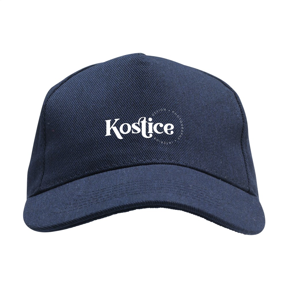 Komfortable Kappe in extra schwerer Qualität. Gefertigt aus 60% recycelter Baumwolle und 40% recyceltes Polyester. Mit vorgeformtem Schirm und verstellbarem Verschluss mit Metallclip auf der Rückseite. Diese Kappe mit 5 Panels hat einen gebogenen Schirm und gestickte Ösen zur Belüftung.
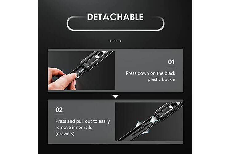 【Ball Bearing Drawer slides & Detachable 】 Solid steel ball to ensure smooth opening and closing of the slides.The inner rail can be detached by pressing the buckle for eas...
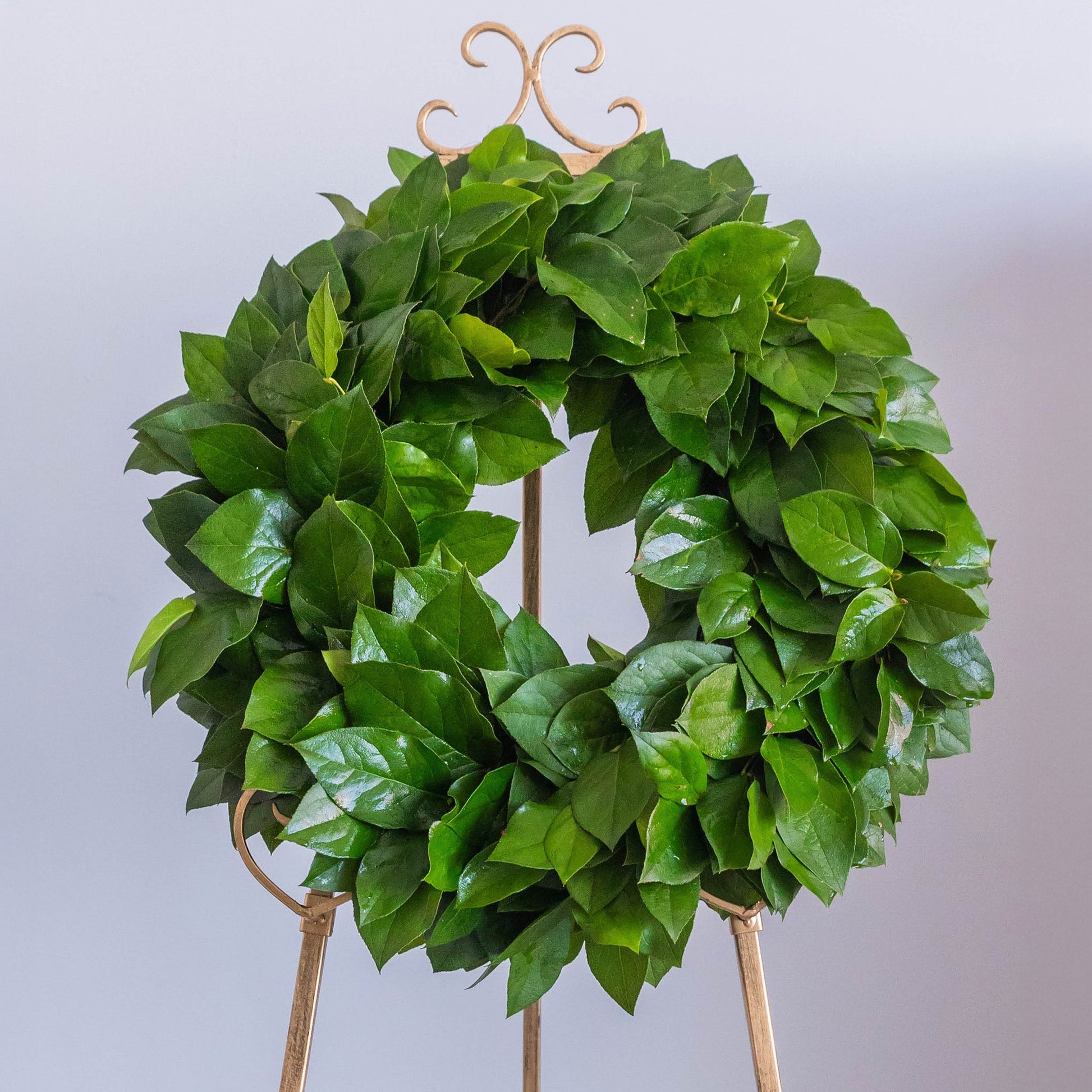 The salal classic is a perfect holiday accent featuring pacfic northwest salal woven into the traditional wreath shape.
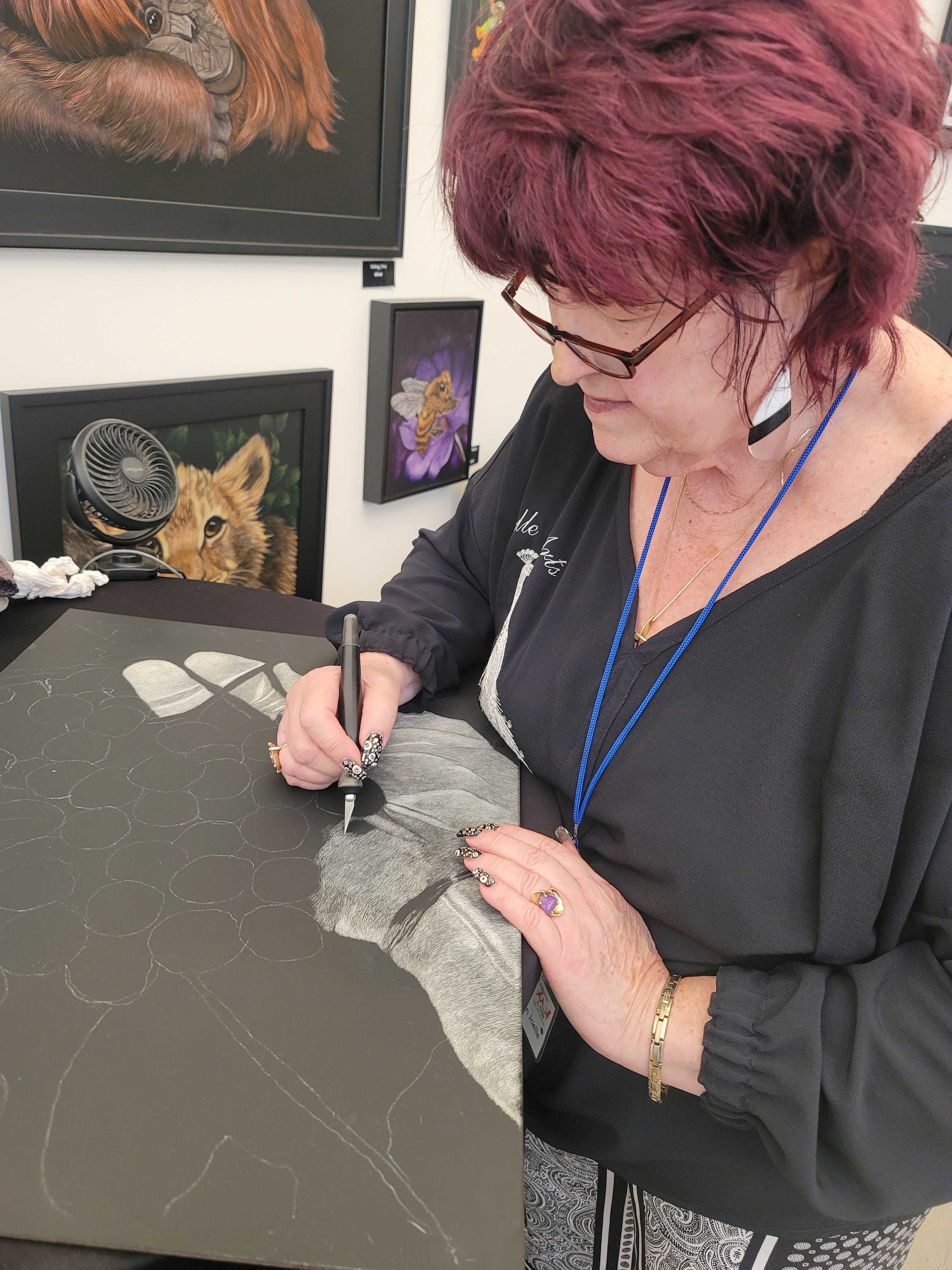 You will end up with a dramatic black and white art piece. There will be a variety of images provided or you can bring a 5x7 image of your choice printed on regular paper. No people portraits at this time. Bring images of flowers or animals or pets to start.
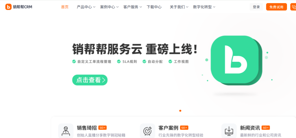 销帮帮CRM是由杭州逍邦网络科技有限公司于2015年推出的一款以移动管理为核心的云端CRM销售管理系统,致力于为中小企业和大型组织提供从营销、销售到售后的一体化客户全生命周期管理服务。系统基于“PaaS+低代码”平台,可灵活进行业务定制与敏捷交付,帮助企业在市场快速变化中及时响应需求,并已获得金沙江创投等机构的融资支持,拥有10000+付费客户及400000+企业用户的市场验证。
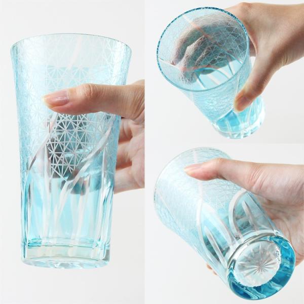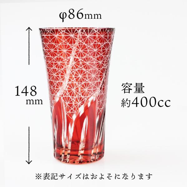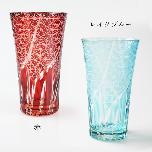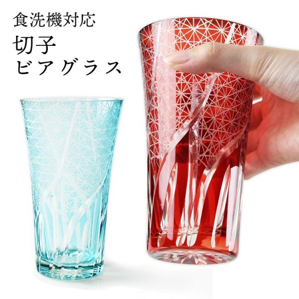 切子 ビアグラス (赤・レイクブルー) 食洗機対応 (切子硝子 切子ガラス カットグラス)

—————

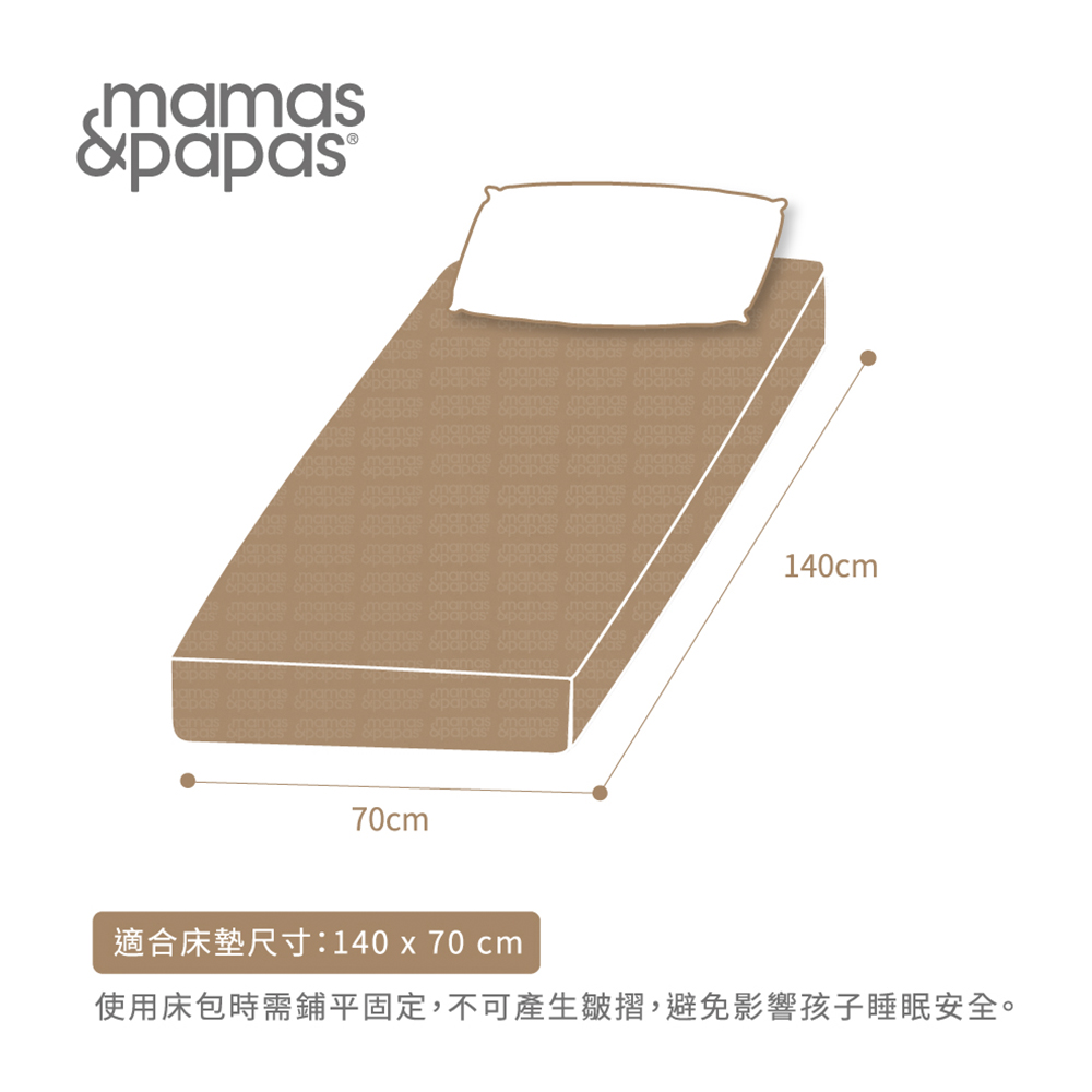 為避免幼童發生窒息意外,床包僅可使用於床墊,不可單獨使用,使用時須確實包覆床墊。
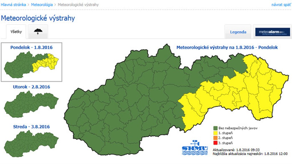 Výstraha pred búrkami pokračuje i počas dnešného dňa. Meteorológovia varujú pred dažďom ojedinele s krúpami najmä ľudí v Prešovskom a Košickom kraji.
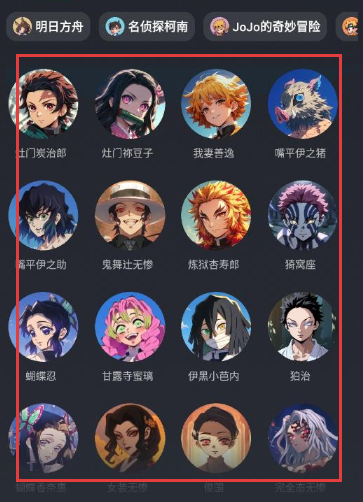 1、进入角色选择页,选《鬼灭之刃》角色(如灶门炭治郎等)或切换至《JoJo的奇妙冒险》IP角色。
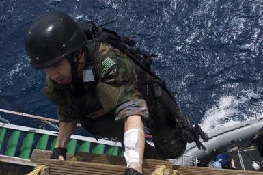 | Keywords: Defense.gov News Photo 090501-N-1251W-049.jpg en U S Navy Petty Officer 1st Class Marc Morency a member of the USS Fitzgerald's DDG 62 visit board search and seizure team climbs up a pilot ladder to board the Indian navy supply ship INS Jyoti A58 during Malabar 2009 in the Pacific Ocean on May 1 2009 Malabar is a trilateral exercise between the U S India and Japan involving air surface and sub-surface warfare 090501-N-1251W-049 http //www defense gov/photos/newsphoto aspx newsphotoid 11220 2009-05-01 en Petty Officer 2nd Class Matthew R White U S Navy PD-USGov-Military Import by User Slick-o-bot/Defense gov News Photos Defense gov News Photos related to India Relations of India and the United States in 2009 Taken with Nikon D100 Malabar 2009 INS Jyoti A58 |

—————

Only one part of the material above is wanted: the lines from the one with "销帮帮CRM是由杭州逍邦网络" up to and including the one with "切子 ビアグラス (赤・レイクブルー)". Please copy them exactly, pictures left out.

 销帮帮CRM是由杭州逍邦网络科技有限公司于2015年推出的一款以移动管理为核心的云端CRM销售管理系统,致力于为中小企业和大型组织提供从营销、销售到售后的一体化客户全生命周期管理服务。系统基于“PaaS+低代码”平台,可灵活进行业务定制与敏捷交付,帮助企业在市场快速变化中及时响应需求,并已获得金沙江创投等机构的融资支持,拥有10000+付费客户及400000+企业用户的市场验证。
 切子 ビアグラス (赤・レイクブルー) 食洗機対応 (切子硝子 切子ガラス カットグラス)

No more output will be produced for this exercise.